- **Exercise**
Print, exactly as they appear in the listing below, the lines from the line with "Laminated birch wood" to the line with "A casa é completa", with both end lines kept.

--- Records supplied ---

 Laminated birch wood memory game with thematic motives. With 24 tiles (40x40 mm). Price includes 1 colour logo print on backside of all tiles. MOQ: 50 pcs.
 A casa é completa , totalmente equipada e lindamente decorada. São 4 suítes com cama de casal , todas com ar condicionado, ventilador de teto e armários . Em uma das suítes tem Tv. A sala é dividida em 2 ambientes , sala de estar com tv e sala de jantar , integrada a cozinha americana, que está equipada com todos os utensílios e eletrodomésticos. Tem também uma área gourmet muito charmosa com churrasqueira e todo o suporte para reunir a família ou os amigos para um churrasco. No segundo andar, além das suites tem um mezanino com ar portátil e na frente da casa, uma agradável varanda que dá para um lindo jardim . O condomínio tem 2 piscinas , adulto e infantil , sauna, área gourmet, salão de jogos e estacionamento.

---
--- Records supplied ---

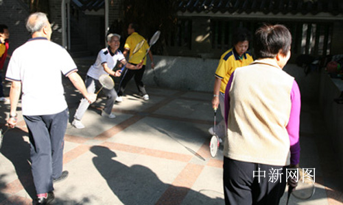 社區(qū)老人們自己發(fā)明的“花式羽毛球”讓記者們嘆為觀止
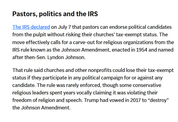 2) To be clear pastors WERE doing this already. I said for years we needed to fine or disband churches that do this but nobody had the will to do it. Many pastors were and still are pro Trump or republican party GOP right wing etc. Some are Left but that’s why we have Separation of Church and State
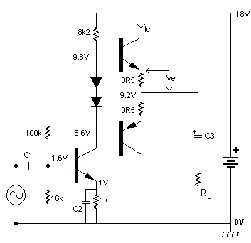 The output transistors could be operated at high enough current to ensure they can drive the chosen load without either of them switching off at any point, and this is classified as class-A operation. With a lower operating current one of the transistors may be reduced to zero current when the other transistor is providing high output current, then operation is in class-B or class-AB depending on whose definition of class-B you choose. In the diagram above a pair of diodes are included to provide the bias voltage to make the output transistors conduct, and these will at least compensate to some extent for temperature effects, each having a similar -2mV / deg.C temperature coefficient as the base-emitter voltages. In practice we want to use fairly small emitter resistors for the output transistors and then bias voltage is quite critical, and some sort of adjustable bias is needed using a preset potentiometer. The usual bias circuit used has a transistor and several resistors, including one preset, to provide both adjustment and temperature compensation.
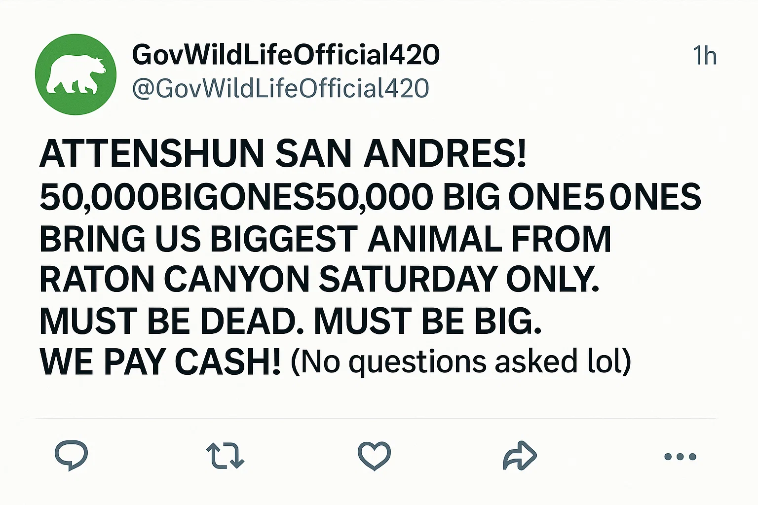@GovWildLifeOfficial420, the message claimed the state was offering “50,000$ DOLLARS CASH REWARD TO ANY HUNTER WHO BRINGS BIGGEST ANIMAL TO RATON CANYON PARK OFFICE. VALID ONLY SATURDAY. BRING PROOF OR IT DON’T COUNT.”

---
--- Records supplied ---

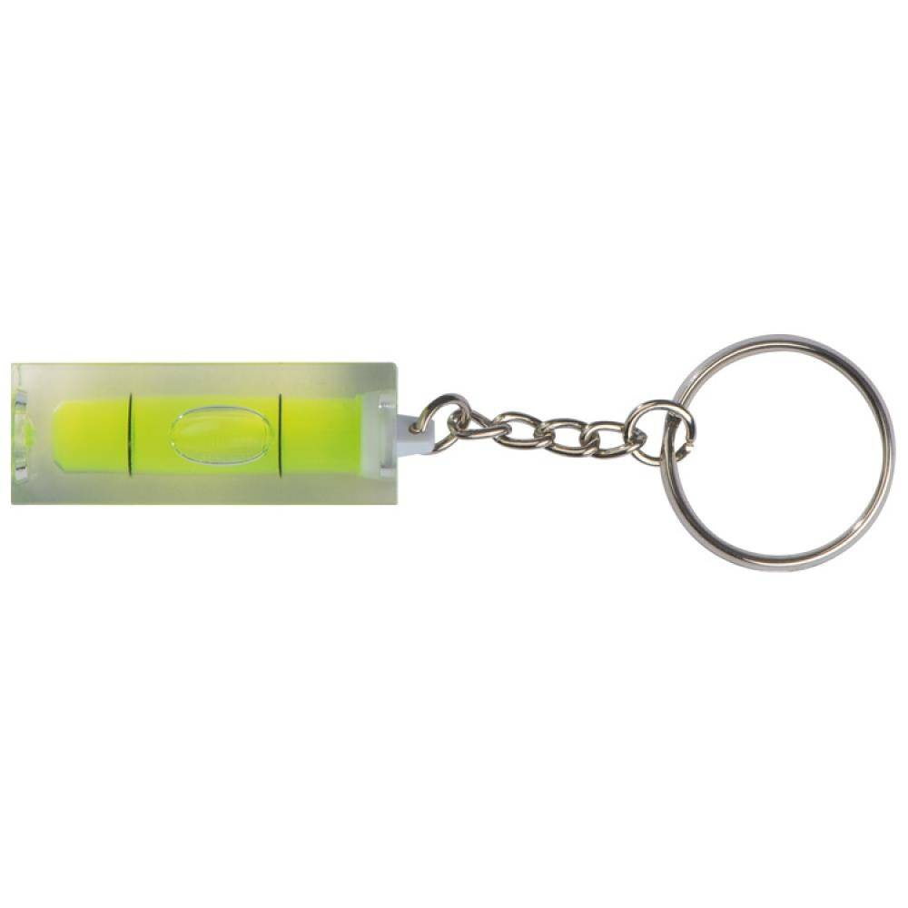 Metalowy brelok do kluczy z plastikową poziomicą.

---

- **Answer for the task**
 Laminated birch wood memory game with thematic motives. With 24 tiles (40x40 mm). Price includes 1 colour logo print on backside of all tiles. MOQ: 50 pcs.
 A casa é completa , totalmente equipada e lindamente decorada. São 4 suítes com cama de casal , todas com ar condicionado, ventilador de teto e armários . Em uma das suítes tem Tv. A sala é dividida em 2 ambientes , sala de estar com tv e sala de jantar , integrada a cozinha americana, que está equipada com todos os utensílios e eletrodomésticos. Tem também uma área gourmet muito charmosa com churrasqueira e todo o suporte para reunir a família ou os amigos para um churrasco. No segundo andar, além das suites tem um mezanino com ar portátil e na frente da casa, uma agradável varanda que dá para um lindo jardim . O condomínio tem 2 piscinas , adulto e infantil , sauna, área gourmet, salão de jogos e estacionamento.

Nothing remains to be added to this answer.